Ethan gestured the group to the sitting area while Luc arranged the board in front of the bookshelves and uncapped a marker, the scent of solvent filling the room.

“Also strong colors,” Lindsey said, wrinkling her nose as she sat in one of the club chairs in the sitting area. Malik took the other chair after offering it to Juliet. She declined with a wave of her hand, sat down on the floor, crossing her slender legs in front of her.

Ethan walked to the small refrigerator tucked into the bookshelves, pulled out two bottles of blood. He handed me one, then took a seat on the leather couch beside me.

I opened the blood, took a satisfying drink. In the company of vampires, it was a perfectly normal thing to do.

“Seriously,” Juliet said, waving a hand in front of her face, “that marker could clear a room.”

“Good,” Luc said, positioning himself in front of the board, marker in his fist like an expensive, bladed weapon.

“What am I always telling you about weaponry?” Luc asked, scanning the faces of the guards.

“Anything is a weapon, and a weapon is anything,” we parroted back like perfect pupils. But with more sarcasm.

“Good,” Luc said with an approving nod. “You need to clear a room, you now know how to do it.”

“Committed to memory,” Lindsey said, tapping a nail against her temple.

Luc grunted doubtfully but looked at us. “All right, Sentinel. You’ve got our attention. Give us the details of tonight’s trouble.”

“Dead shifter,” I said, “apparently killed by a vampire under the El tracks at the Addison Station. And nearby, alchemical symbols written on a concrete pedestal.”

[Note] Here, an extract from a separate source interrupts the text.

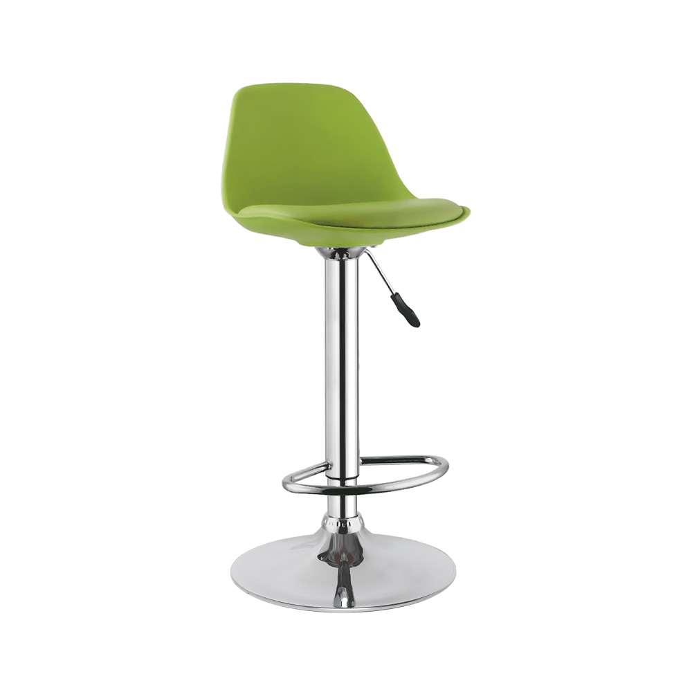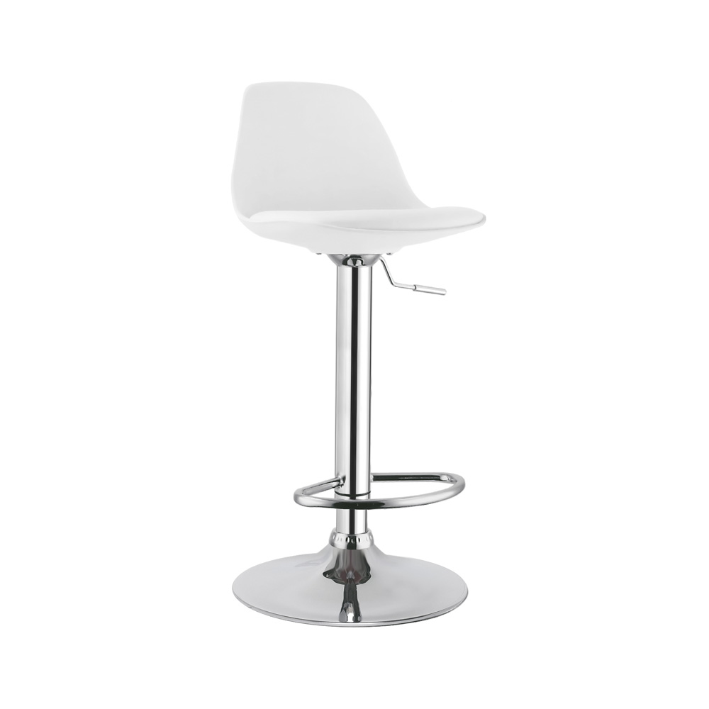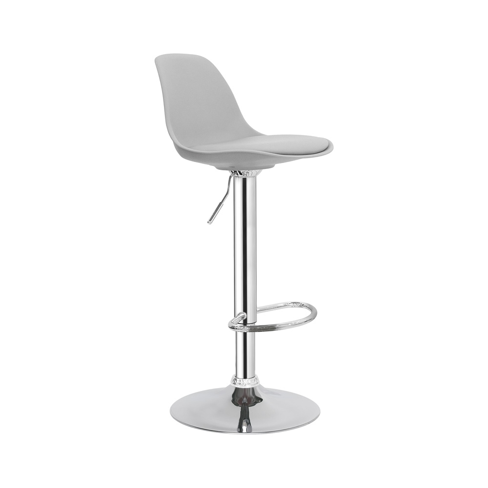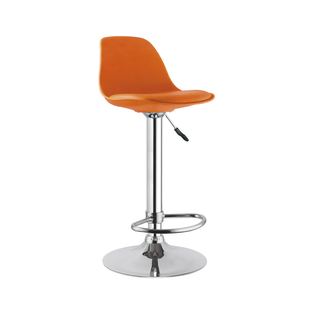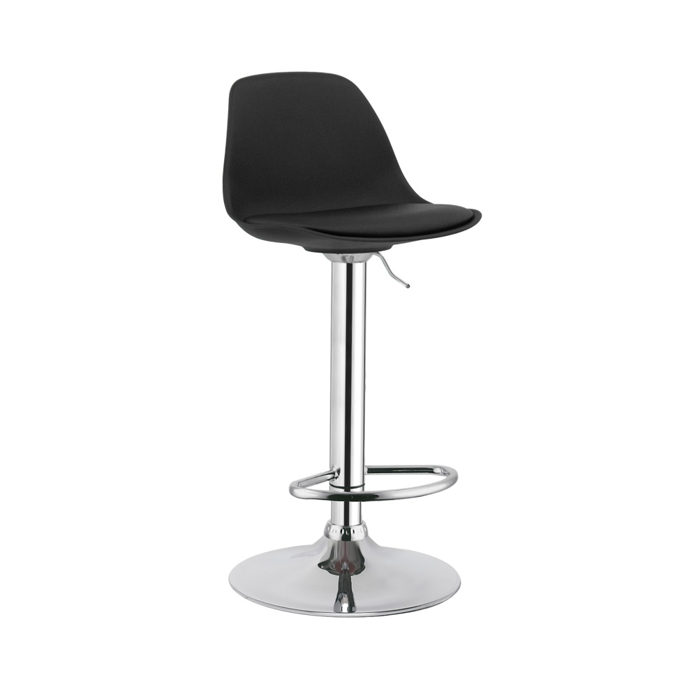 Sgabello con struttura in metallo cromato con sospensione a gas, seduta in polipropilene, cuscino in ecopelle in vari colori.

Luc nodded, wrote the three headlines at the top of the board: vampire, shifter, sorcerer. Then he marked a line through “shifter,” killing him symbolically.

“That’s quite a variety of supernaturals in one place,” Malik said.

“No argument there,” Ethan said.

“Shifter had puncture marks on his left-hand side,” I said. “Blood near the body, blood near the pedestal.”

“The shifter’s name was Caleb Franklin,” Ethan put in. “An NAC member who defected.”

Malik’s eyebrows rose, and he looked up from the tablet on which he’d been writing notes. “Defected?”

“Defected,” Ethan confirmed. “Keene didn’t provide details, only said Franklin wanted more ‘freedom.’” Ethan used air quotes, which meant he’d found the excuse as questionable as I had.

“You buy that?” Luc asked, arms crossed.

“I do not,” Ethan said. “But one does not interrogate the Apex of the NAC Pack near the scene of his dead, if former, Pack mate and in front of several of his comrades.”

“A wise political course,” Malik said.

“What about the vampire?” Luc asked.

I gave them his description. “I didn’t see his full face, but what I did see didn’t look familiar.”

“Me, neither,” Ethan said.

But he might, I thought, look familiar to someone else. I pulled out my phone. “I’m going to see if Jeff can check security cams in the area. Maybe we can get at least a partial still of his face.”

“Good,” Luc said, and wrote Need photograph on the board. “We can send that to Scott and Morgan, see if he’s familiar to them.”

“I’ll also send it to Noah,” I said. Noah Beck was the unofficial leader of the city’s Rogue vampires. He’d hooked me up with the Red Guard, a secret vampire corps, and was a member himself, but I hadn’t seen him in a while.

“And the alchemy?” Luc asked, after adding Noah’s name to the board.

“There were a lot of symbols,” I said. “Jeff and Catcher took pictures, and they’re working on an analysis. Mallory and Catcher think it’s some kind of equation based on the way it’s written—neat rows and columns—but they’ve got to translate in order to know what kind.”

Luc glanced at Ethan. “Paige?”

“That’s what I was thinking,” Ethan said with a nod. “When we receive the photographs, will you see if she can help? Mallory will assist, but there’s a lot to translate in order to figure out what was written there.”